= Combat results table =

A Combat results table or a CRT is used in wargaming to determine the outcome of a clash between individual units within a larger battle.

| Die roll | 1-3 | 1-2 | 1-1 | 3-2 | 2-1 | 3-1 | 4-1 | 5-1 |
| - | AE | AE | AE | 3/- | 3/- | 2/- | 2/- | 1/- |
| 1 | AE | AE | 3/- | 3/- | 2/- | 2/- | 1/- | 1/- |
| 2 | AE | 3/- | 3/- | 2/- | 2/- | 1/- | 1/- | [-/1] |
| 3 | 3/- | 3/- | 2/- | 2/- | 1/- | 1/- | [-/1] | -/2* |
| 4 | 3/- | 2/- | 2/- | 1/- | 1/- | [-/1] | -/2* | -/3* |
| 5 | 2/- | 2/- | 1/- | 1/- | [-/1] | -/2* | -/3* | DE |
| 6 | 2/- | 1/- | 1/- | [-/1] | -/2* | -/3* | DE | DE |
| 7 | 1/- | 1/- | [-/1] | -/2* | -/3* | DE | DE | DE |
| 8 | 1/- | [-/1] | -/2 | -/3* | DE | DE | DE | DE |
| + | [-/1] | -/2 | -/3 | DE | DE | DE | DE | DE |

==Methods==
===Ratio method===
One significant method for combat resolution entails determining the ratio of the attacking unit's attack strength versus the defending unit's defense strength. This method is used in many games; one of the earliest and most prominent games to use this system was the game Panzerblitz, which was a genre-defining game when it was published in 1970.
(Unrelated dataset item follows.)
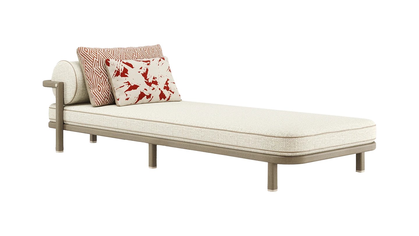 "Poolside just got even more picturesque… Introducing our SAINT-TROPEZ Sun Lounger, designed to bring style to life by the pool. It’s best paired with blue skies, cold drinks and the rest of the SAINT-TROPEZ collection. Combining simple shapes with premium materials, the seat and bolster cushion are crafted from soft fabric and highlighted with leather piping. The structure marries muted stainless steel with solid wood. "

The attacker and defender typically compare the relative strengths of the units involved in the clash and reduce these numbers to a ratio, which corresponds to a column on the table (for example 2:1 if the attacker is twice as strong as the defender). Less often, the columns may be based on the difference between the combatants' strengths, rather than the ratio (for example '3', if an attacker with strength 5 attacks a defender with strength 2). A die roll is then made using one or more dice and the resulting number is then cross-referenced on the table to find the results of the individual clash.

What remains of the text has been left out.